Diana will be Scholar GoH at Mythcon 40, which takes place July 17-20 on the UCLA campus in Los Angeles.

By happy coincidence, she was able to meet Mythcon’s Author GoH, James A. Owen, when he did a signing of his new book The Indigo King at nearby Vroman’s Bookstore on January 19.

Owen is well-known as the artist and writer of the independent comic book Starchild, and of the young adult fantasy Here, There Be Dragons, first novel in the Chronicles of the Imaginarium Geographica.

Diana got Owen to autograph her copy of The Search for the Red Dragon, second in the series, which he did with a flourish – adding below his name a beautifully-sketched dragon’s head, in red ink.

Sierra went on that adventure with her mother and as you can see, she found a little friend willing to compare notes with her about their favorite books.

Disney Leaves Before Dawn

Disney Studios won’t be a partner in the third Narnia movie, Voyage of the Dawn Treader, industry sources revealed this week.

Getting a new partner to take on half the risk could prove a challenge for Walden given that “Prince Caspian” fell below expectations when it was released in May.

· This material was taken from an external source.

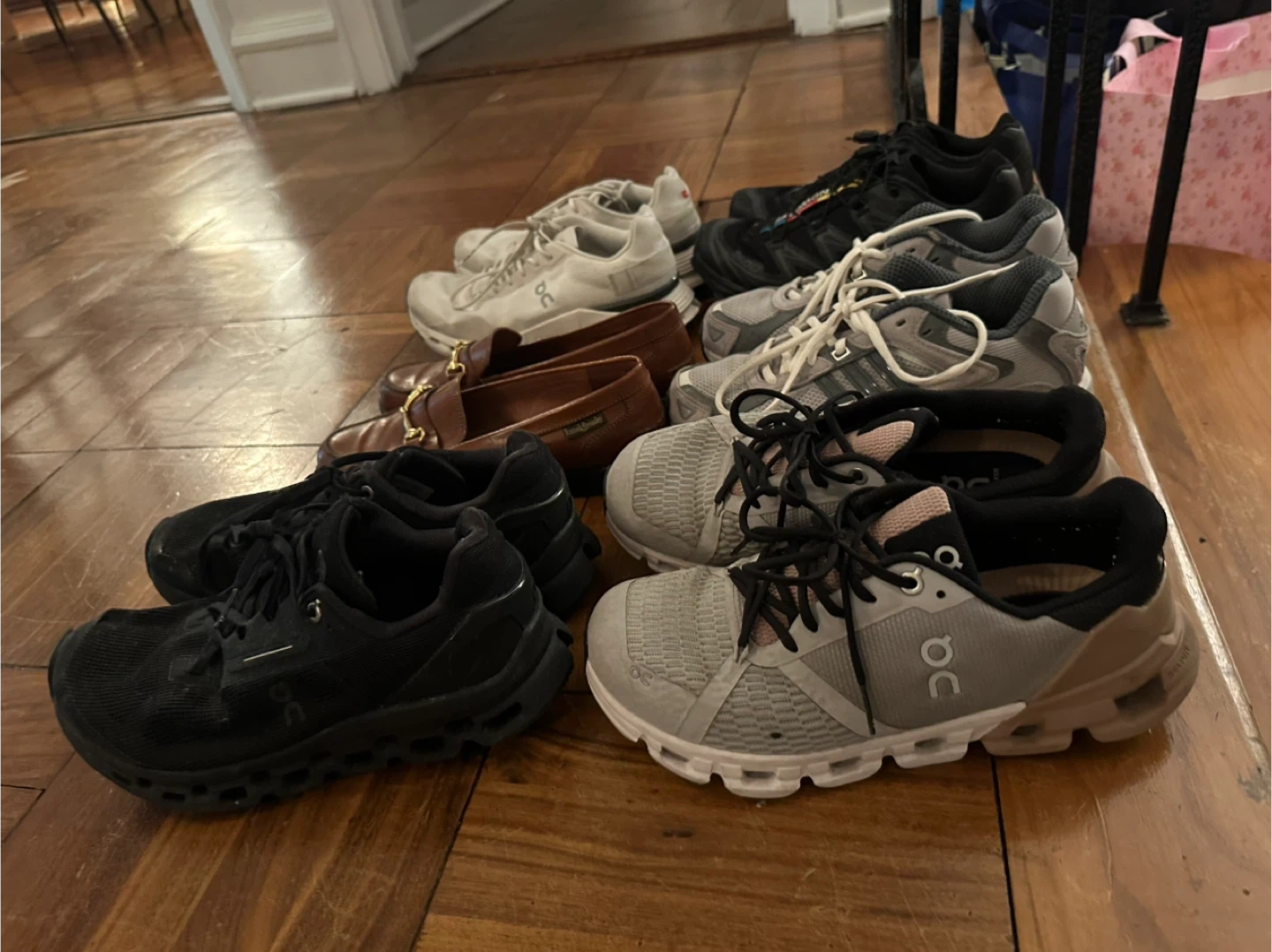 Selling a collection of used shoes including brands like On Cloud, Salomon, and Russell & Bromley. They show signs of wear but still have plenty of life left!
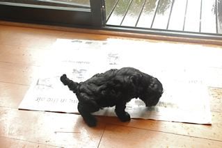 The best toilet habits are created by being outside from day 1. He’s been outside for the last few weeks and has good habits, toileting far away from his sleeping place. If he can’t be outside, use a pet loo / newspaper by the door. Clean regularly and introduce him to it each time he wakes up and after eating.

The film generated $419 million in worldwide ticket sales, far less than the first “Narnia” movie, “The Lion, the Witch and the Wardrobe,” which grossed $745 million in 2005.

As in the case of many films, “Prince Caspian” did not earn its money back from ticket sales. But Disney and Walden hope it will become profitable as the result of DVD sales.

Count me in as someone else who hopes they sell a bazillion copies of Prince Caspian. Why? Last July, Diana appeared on-camera at the request of film-makers who are preparing extra feature material for an educational edition of the Prince Caspian DVD, aimed at teachers who want to use the movie in the classroom. The higher profile the commercial release has, the likelier people will be to think of it as a classroom resource.

During the July filming they interviewed her Diana for two hours. They found things going so well that at times the crew forgot the script and became totally caught up in what they were talking about. The camera man and make-up artist told Diana they wanted to go back to school, it was all so interesting.

Ask Father Christmas for This

C.S. Lewis as SantaJust added to Bruce Edwards’ C.S. Lewis-themed blog is “A Christmas Gift Guide for Those Who Love Jack.” On his list of 10 items is the new paperback of The Company They Keep by Diana Glyer ($19.80; pb. Kent State University Press, 2007).

A towering, magnificent work on the Inklings that peers behind the curtain of Lewis and Tolkien’s personal and writing relationships…

This is just the kind of holiday shopping hint that warms our hearts here at File 770 headquarters. I should have suggested it first!